The regulation of NO delivery to vascular smooth muscle cells, the effects of an increase in Mg2+i on Ca2+ current in ventricular myocytes during transient cardiac ischemia, and the silencing through SUMOylation of acid-sensitive K+ channels in the cerebellum
Decreasing cardiac calcium influx
Despite the existence of complex vascular regulatory mechanisms, the blood supply to a crucial tissue can be interrupted, and this will elicit various responses. For instance, transient cardiac ischemia leads to an increase in Mg2+i in ventricular myocytes and then to an increase in sympathetic tone. β-adrenergic receptor signaling increases L-type Ca2+ current (ICa,L) through activation of the protein kinase A (PKA) signaling cascade and the phosphorylation of the Cav1.2 Ca2+ channel. In the absence of β-adrenergic receptor signaling, increased Mg2+i decreases ICa,L; however, Mg2+ can interact with the PKA signaling cascade at various points and thus the effect on ICa,L of a rise in Mg2+i in the context of increased β-adrenergic signaling is unclear.
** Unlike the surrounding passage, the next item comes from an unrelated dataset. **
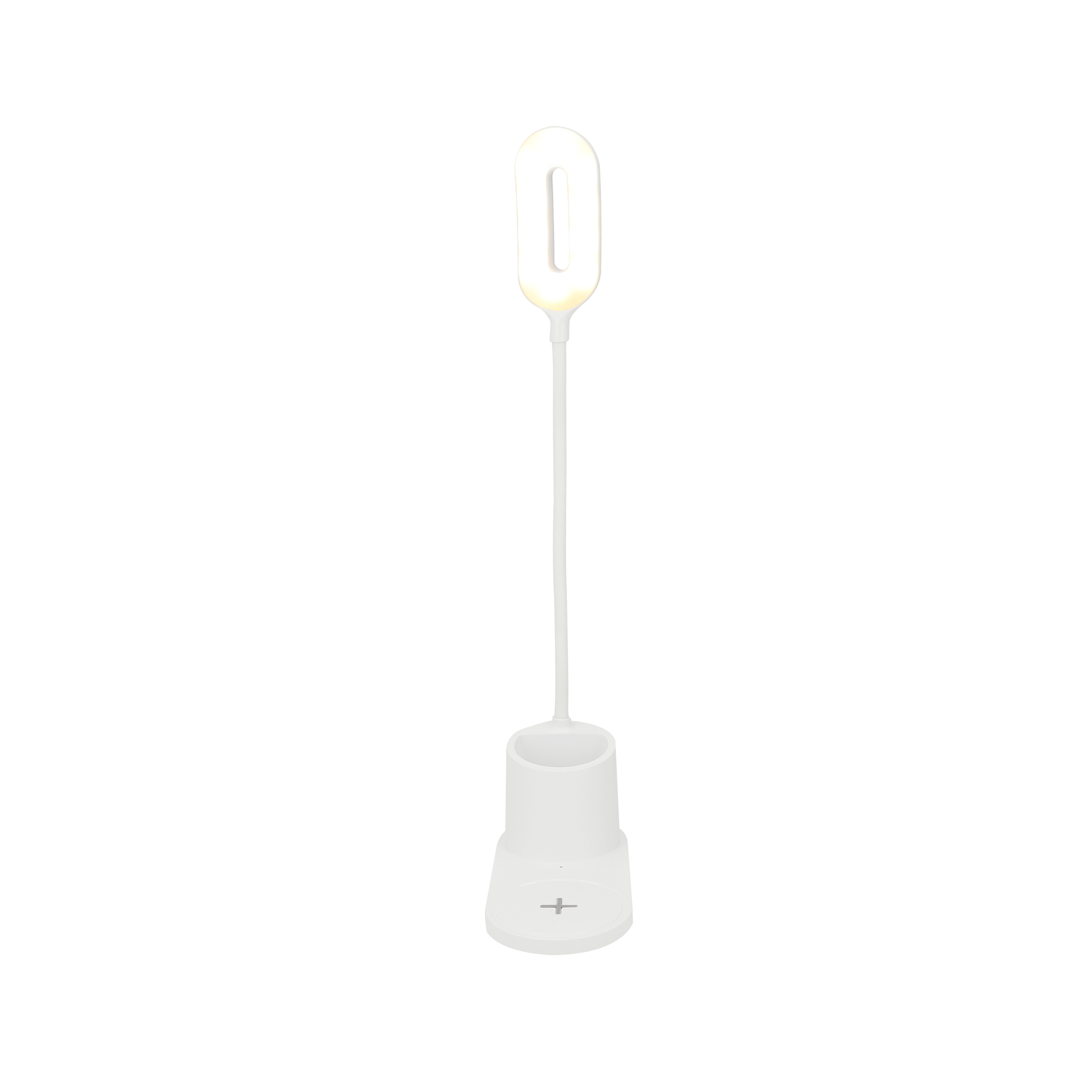 Lámpara para escritorio con organizador y cargador Wireless para smartphones compatibles con tecnología Qi. Incluye cable de carga.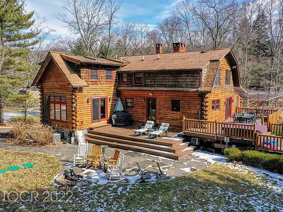 This Custom Vermont Log Home is truly an Oasis. Vacation all year w/peaceful and serene views of your own pond and picturesque property from the front porch or deck. Set back off Stonetown Rd on just under 2 acres of privacy, this home is truly one of a kind, having the charm of cabin living w/all of today's modern amenities! Upon entry, a welcoming foyer leads to an open concept formal living and dining room w/ wood burning stove. Country kitchen with stainless steel appliances, farm sink, island, sitting area w/wood burning fireplace and dining area. Second floor Master Suite features a large WIC and full bath, three additional bedrooms and full bath complete second floor. Finished basement w/ family room and 1/2 bath. 2 Car attached garage. Storage. Central A/C. Beautiful large rear deck with Hot Tub. - Basement: FR, PR, 2 CAR GARAGE, STORAGE

In this issue, Brunet et al. found that increasing Mg2+i decreased stimulation of ICa,L in response to subsequent exposure to the β-adrenergic agonist isoproteronol in isolated adult mouse ventricular myocytes. A careful pharmacological analysis of the effects of increasing Mg2+i on ICa,L in conjunction with activation of distinct steps in the PKA pathway or direct activation of Cav1.2 indicated that Mg2+ likely acts directly on Cav1.2, functioning downstream of the PKA pathway to inhibit Ca2+ influx. Brunet et al. (2013) propose that, during transient ischemia, the rise in Mg2+i—caused by hydrolysis of Mg2+-ATP—provides a cell-autonomous mechanism for limiting calcium influx, and thereby metabolic stress, even under conditions of increased sympathetic tone.
A silent partner
Ischemia can also lead to a decrease in pH, affecting the function of acid-sensitive ion channels such as the TASK channels proposed to mediate the acid-sensitive component of the standing outward K+ current (IKso) in cerebellar granule cells. TASK channels are members of the two-pore domain K+ (K2P) channel family that consist of homo- or heterodimers of the K2P3 and K2P9 channel subunits. Using a combination of confocal microscopy, mRNA-specific probes, and cyanine dye–based signal amplification, Plant et al. (2012) found that transcripts encoding K2P1 were present in the same cultured cerebellar granule cells as transcripts encoding K2P3 and K2P9. K2P1 forms a potassium-selective channel that is electrically silenced through SUMOylation (covalently modified by small ubiquitin–related modifier protein [SUMO]), and FRET analysis indicated that SUMO1 was in close proximity with K2P1 at the neuronal surface. Unexpectedly, however, FRET was also apparent between SUMO1 and K2P3 and K2P9, which lack the lysine residue SUMOylated in K2P1. The deSUMOylating enzyme SENP1 increased IKso in cerebellar granule cells, and analyses of CHO cells heterologously expressing individual subunits, combinations of subunits, or concatenated proteins indicated that K2P3 and K2P9 were not SUMOylated but formed heterodimers with K2P1, with a single SUMO required to silence such K2P1-bearing heterodimers. When deSUMOylated, K2P1-bearing heterodimers mediated acid-sensitive IKso and, like homo- and heteromeric K2P3 and K2P9 channels, were responsive to the volatile anesthetic halothane. The authors postulate that incorporation of K2P1 into heterodimeric channels in cerebellar granule cells will enable the regulation through SUMOylation of their response to changes in pH, volatile anesthetics, and the various other agents to which these channels are sensitive.